Shin, Donghyuk, Shu He, Gene Moo Lee, Andrew B. Whinston, Suleyman Cetintas, Kuang-Chih Lee (2020) “Enhancing Social Media Analysis with Visual Data Analytics: A Deep Learning Approach,” MIS Quarterly, 44(4), pp. 1459-1492. [SSRN]

  • Based on an industry collaboration with Yahoo! Research
  • The first MISQ methods article based on machine learning
  • Presented in WeB (Fort Worth, TX 2015), WITS (Dallas, TX 2015), UT Arlington (2016), Texas FreshAIR (San Antonio, TX 2016), SKKU (2016), Korea Univ. (2016), Hanyang (2016), Kyung Hee (2016), Chung-Ang (2016), Yonsei (2016), Seoul National Univ. (2016), Kyungpook National Univ. (2016), UKC (Dallas, TX 2016), UBC (2016), INFORMS CIST (Nashville, TN 2016), DSI (Austin, TX 2016), Univ. of North Texas (2017), Arizona State (2018), Simon Fraser (2019), Saarland (2021), Kyung Hee (2021)

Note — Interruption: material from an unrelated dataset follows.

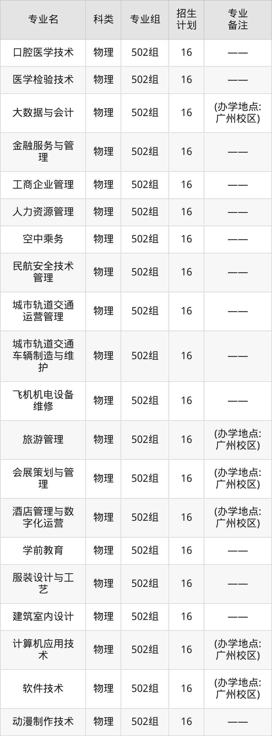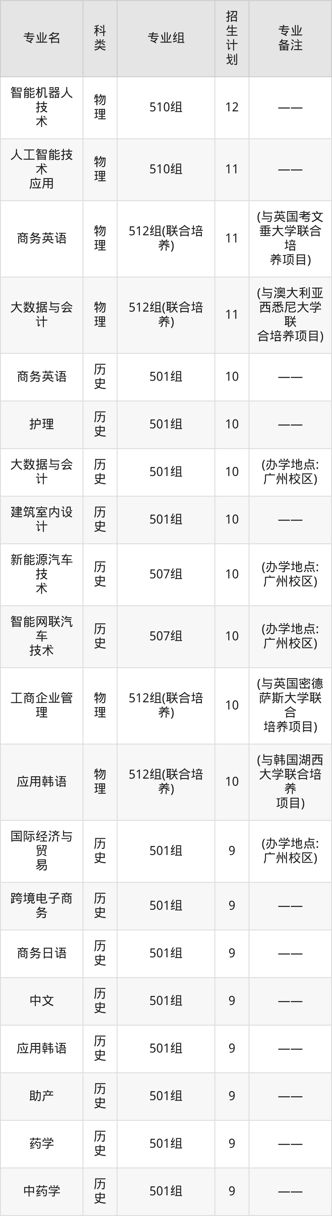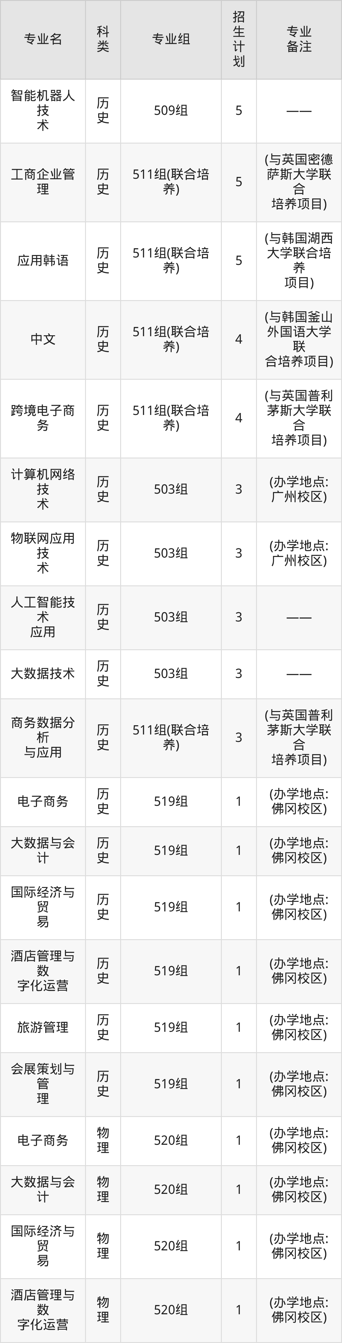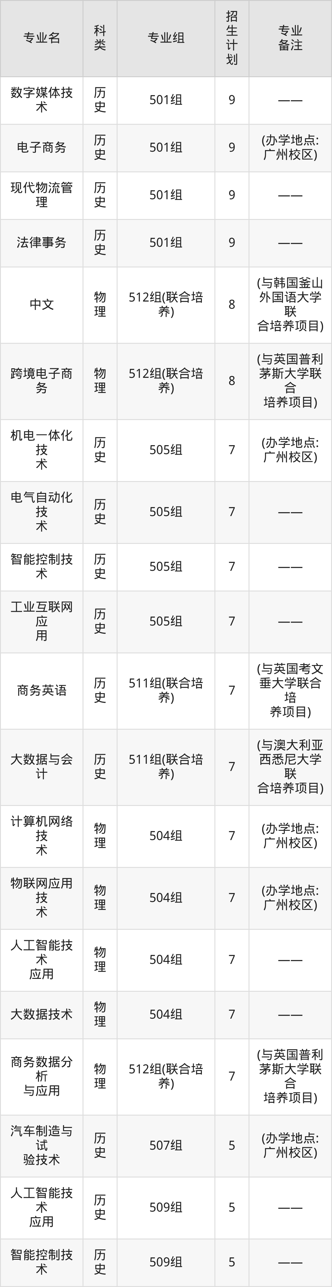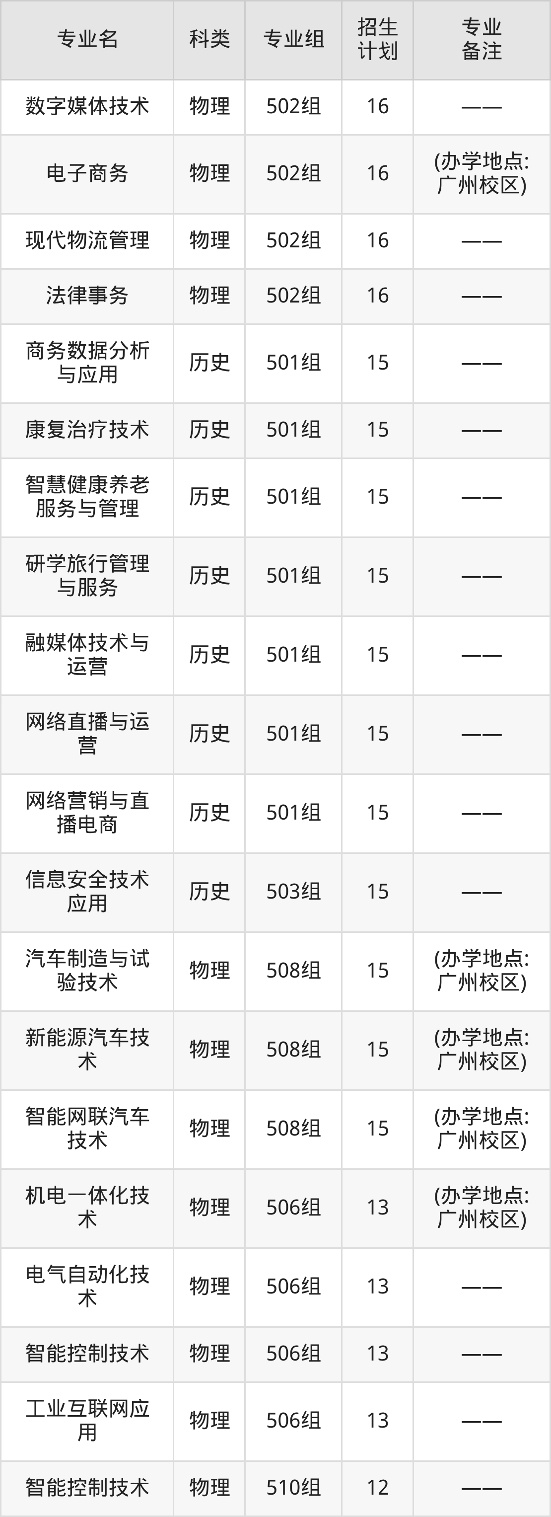 值得注意的是,广州涉外经济职业技术学院在专科批招生,招生类型为物理类、历史类。篇幅有限,这里仅附上广州涉外经济职业技术学院在广东省内招生计划详情:

This research methods article proposes a visual data analytics framework to enhance social media research using deep learning models. Drawing on the literature of information systems and marketing, complemented with data-driven methods, we propose a number of visual and textual content features including complexity, similarity, and consistency measures that can play important roles in the persuasiveness of social media content. We then employ state-of-the-art machine learning approaches such as deep learning and text mining to operationalize these new content features in a scalable and systematic manner. For the newly developed features, we validate them against human coders on Amazon Mechanical Turk. Furthermore, we conduct two case studies with a large social media dataset from Tumblr to show the effectiveness of the proposed content features. The first case study demonstrates that both theoretically motivated and data-driven features significantly improve the model’s power to predict the popularity of a post, and the second one highlights the relationships between content features and consumer evaluations of the corresponding posts. The proposed research framework illustrates how deep learning methods can enhance the analysis of unstructured visual and textual data for social media research.

Predicting Litigation Risk via Machine Learning

Lee, Gene Moo*, James Naughton*, Xin Zheng*, Dexin Zhou* (2020) “Predicting Litigation Risk via Machine Learning,” Working Paper. [SSRN] (* equal contribution)

This study examines whether and how machine learning techniques can improve the prediction of litigation risk relative to the traditional logistic regression model. Existing litigation literature has no consensus on a predictive model. Additionally, the evaluation of litigation model performance is ad hoc. We use five popular machine learning techniques to predict litigation risk and benchmark their performance against the logistic regression model in Kim and Skinner (2012). Our results show that machine learning techniques can significantly improve the predictability of litigation risk. We identify two best-performing methods (random forest and convolutional neural networks) and rank the importance of predictors. Additionally, we show that models using economically-motivated ratio variables perform better than models using raw variables. Overall, our results suggest that the joint consideration of economically-meaningful predictors and machine learning techniques maximize the improvement of predictive litigation models.